Figure 5b shows that 64 registers produced the best performance (minimum runtime) on Summit. For brevity, the previously described trade-off analysis also applies to Kodiak, and a 96 register count produced the best performance (Fig. 5a). On Kodiak, the register count that achieved the best performance is higher than on Summit, probably due to Summit's larger L1 and Level 2 (L2) caches (Table 1). With larger L1 and L2 caches, more data can be stored, reducing memory spillover to global memory and, thus, reducing latency. Optimizing the register count increases the GPU performance by approximately 20 % on Kodiak and by 14 % on Summit.
This section compares the performance of WW3.cpu and WW3-W3SRCEMD.gpu. Note that the speedups in this section are achieved by parallelizing the local grids' loop, which calls the
W3SRCEMD function, using the OpenACC parallel directives (Fig. 3). In
W3SRCEMD and its dependent subroutines, we introduced the OpenACC routine directive (!$
acc routine) which instructs the compiler to build a device version of the subroutine so that it may be called from a device region by each gang. In addition, at the start of the time integration, we moved the required constants' data to the GPU (line 8 of Fig. 3). Using the average over the last 2 h simulation, Fig. 7 compares the output results of CPU and WW3-W3SRCEMD.gpu codes as well as their relative difference for significant wave height (SWH). According to the validation results, the SWH is nearly identical, and the error is negligible and acceptable. It is possible that the error stems from the difference in mathematical precision between the GPU and CPU.
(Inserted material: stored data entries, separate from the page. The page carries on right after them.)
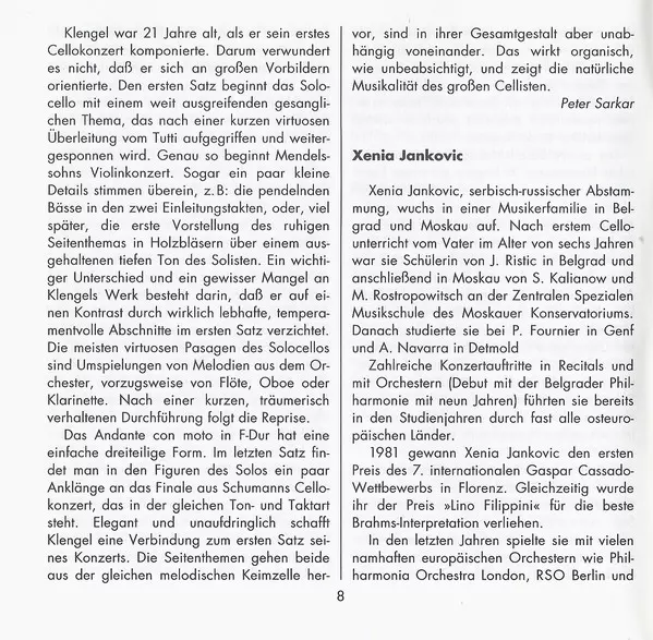 | Cello Christoph Richter (2), Xenia Jankovic | ||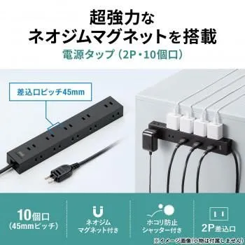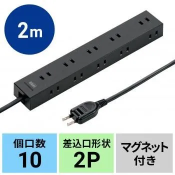 商品名:サンワサプライ 電源タップ 2P 10個口 強力ネオジムマグネット シャッター付 2m ブラック TAP-2210-2BK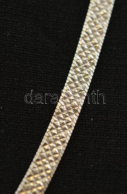 Leírás: Ezüst(Ag) pikkelymintás lapos kígyó nyaklánc, jelzett, h: 46 cm, nettó: 9,6 g

For simplicity, we start by mapping one MPI rank to one GPU. Comparing the performance of a single GPU with a single CPU core (Table 2) on Kodiak, 2.3× and 2.4× speedups were achieved for the 59K and 228K meshes, respectively. Here, the speedup is relative to a single CPU core. Similarly, we achieved speedups of 4.7× and 6.6× on Summit for the 59K and 228K meshes, respectively. On Summit, the GPU performance of 228K nodes is better because the CPU gets extremely slow. Summit's speedup is greater than Kodiak's because the Tesla V100 SXM2 16GB GPU is faster than the Tesla P100 PCIe 16GB GPU (NVIDIA, 2017). Due to the reduction in GPU workload, speedups gradually decline as the number of MPI ranks increases (Table 2).
3.3.1 Fair comparison using multiprocess service (MPS)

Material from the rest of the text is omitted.